**EXERCISE**
Reproduce, exactly and in full, only the lines below from the one containing "45. Remove and" through the one containing "Tuổi trẻ) |".

**GIVEN ENTRIES**
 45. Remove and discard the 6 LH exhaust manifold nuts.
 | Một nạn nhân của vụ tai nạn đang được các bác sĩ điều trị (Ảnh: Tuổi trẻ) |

* * *

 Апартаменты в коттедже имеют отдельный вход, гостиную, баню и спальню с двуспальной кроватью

**WRITTEN ANSWER**
 45. Remove and discard the 6 LH exhaust manifold nuts.
 | Một nạn nhân của vụ tai nạn đang được các bác sĩ điều trị (Ảnh: Tuổi trẻ) |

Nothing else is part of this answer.